If she was a true junkie, she would have flipped out to find her small stash gone. He’d thrown away ecstasy and pot, amateur shit, although she’d been wired on something harder last night. He wasn’t sure what she’d taken, only knew he’d arrived here just in time.
Fucking Marty. He could tell in the course of one conversation with her “assistant” that he was a horrible influence, a hanger-on taking advantage of a rich, gullible young woman. Money led to drugs, drugs led to partying, partying led to questions like Did we fuck? It led to exploiters and users, and danger.
But Ransom was here to keep the danger away. The hard partying was over, at least for the rest of the tour, and if she had a problem with that, she could try to fight him. He was pretty sure he’d win.
Room service arrived just as she turned off the shower. By the time she opened the door, he’d set out the German idea of late breakfast: bread and cheese, fruit, yogurt, and miniature glazed doughnuts sprinkled with cinnamon.
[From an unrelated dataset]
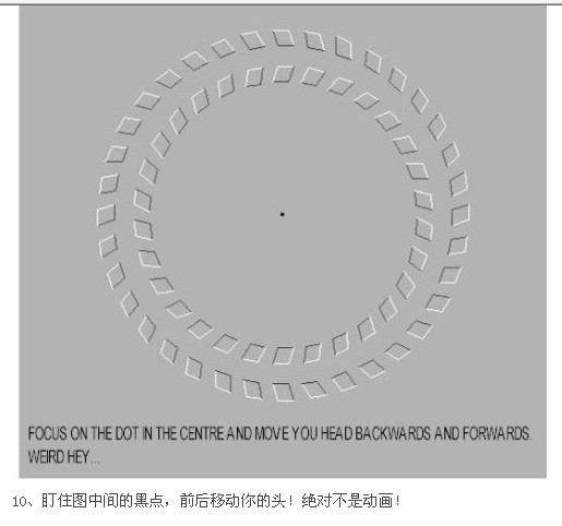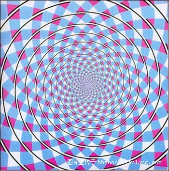 “弗雷泽螺旋”是最有影响的幻觉图形之一。你所看到的好像是个螺旋,但其实它是一系列完好的同心圆!这幅图形如此巧妙,以至于会促使你的手指沿着错误的方向追寻它的轨迹。

He wanted to stuff about twelve of them in his mouth. Wrangling hungover, immature brats made him hungry.
She came out of the bathroom with a thump of her luggage and a muffled curse. He looked up and paused mid-doughnut.
Lola Mae.
Those were the first two words that came to his mind, because he wasn’t looking at Lady Paradise the mega-millionaire DJ anymore. Without the slut makeup, without the riotous braids, without the bikini and booty shorts she looked…
She looked like a lost, befuddled kid named Lola Mae.
He felt a puzzling rush of attraction, a reaction to her rumpled, vulnerable freshness, and quickly turned away. It wasn’t his business to find his clients beautiful or attractive, especially when they were half his age. He hadn’t fallen for a client once in his career, and he wasn’t going to start now, not with this one. Her hair was pink, for fuck’s sake. It was darker pink now that it was wet. She wore a pale gray tee that made her blue eyes pop, and some worn jeans that fit obscenely well.